The OME-NGFF/OME-ZARR standard
In 2020/2021, the Open Microscopy Environmentꜛ (OME) has proposedꜛ the next-generation file format (NGFF) specificationsꜛ (GitHubꜛ) for storing multi-resolution bioimaging data in the cloud. The OME defines this OME-NGFF called standard based on the Zarr file format, which provides the necessary support for storing and accessing arrays from distributed cloud storages. I will therefore refer to that standard as OME-ZARR for the remainder of this post.
Even though being proposed for the usage of images in the cloud, we can use it as a general standard for storing images as Zarr arrays (like the OME-TIFFꜛ specifications for storing TIFF files). The advantages of using such a standard are:
- standardization of the metadata (regarding both format and name definition, according the OME-XML structured annotations specificationsꜛ),
- standardization of the structure within the Zarr file (i.e., how the image is stored within the Zarr fileꜛ), and
- standardization of the Zarr-store format (Zarr storage specificationsꜛ).
This standardization enables developers to easily provide an API, that works for all OME-ZARR files in a unified manner. We can write image analysis pipelines and don’t have to care, how the hierarchy within a Zarr files might be organized – we can expect it to always be arranged and accessible in the same way. The standardization of the metadata also sets a clear frame for how to store and name image attributes such as the microscope metadata, image resolution or the channel specifications.
OME-ZARR with Python
In Python, the OME-ZARR standard is provided by the ome-zarr-py
ꜛ package.
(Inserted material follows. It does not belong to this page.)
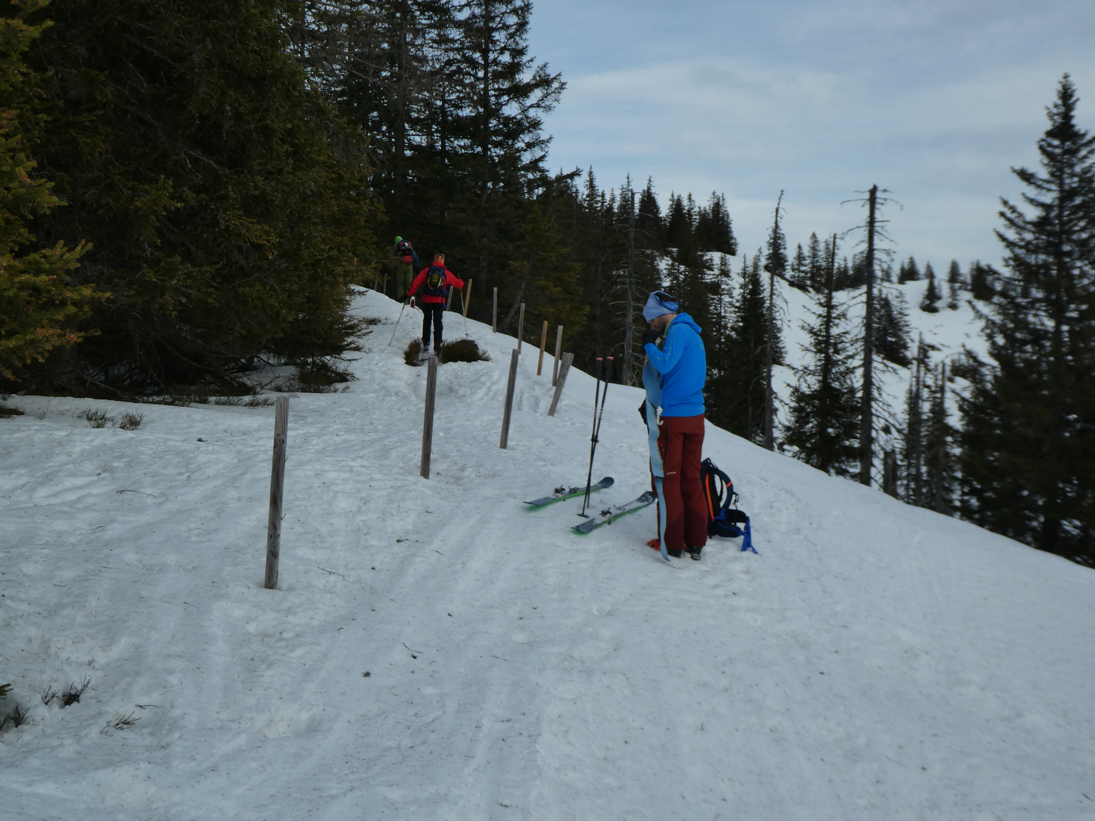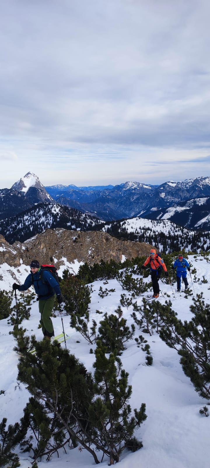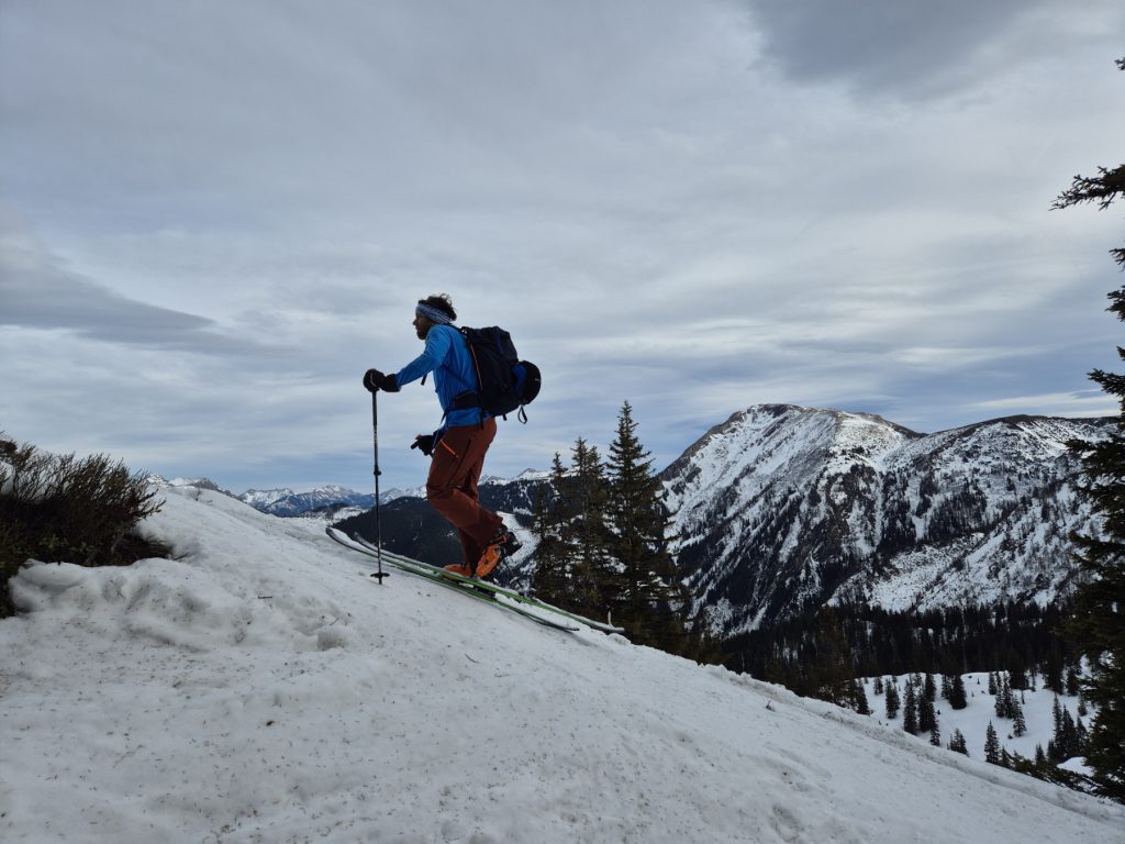 Für die nächste kurze Zwischenabfahrt zurück über die Schafböden haben wir unterschiedliche Strategien verfolgt. Chris hat abgefellt, Andreas, Basti und ich haben zwar die Harscheisen demontiert, wir sind aber gleich auf Fellen abgefahren. Für die folgende Höhenwanderung weiter zum Gscheideggkogel haben wir auf die zackigen Aufstiegshilfen verzichtet. Der Föhn hat für eine aufgeweichte Spur gesorgt und sie daher überflüssig gemacht.

Let’s take a look, how to store and read our example image from above accordingly:
from ome_zarr.io import parse_url
from ome_zarr.writer import write_image
from ome_zarr.reader import Reader
store = parse_url("zarr_3D_image.ome.zarr", mode="w").store
root = zarr.group(store=store, overwrite=True)
write_image(image=array_3D, group=root, axes="zyx",
storage_options=dict(chunks=chunks))
The parse_url(...).store
ꜛ function creates a Zarr directory store in a specific format ("FormatV04"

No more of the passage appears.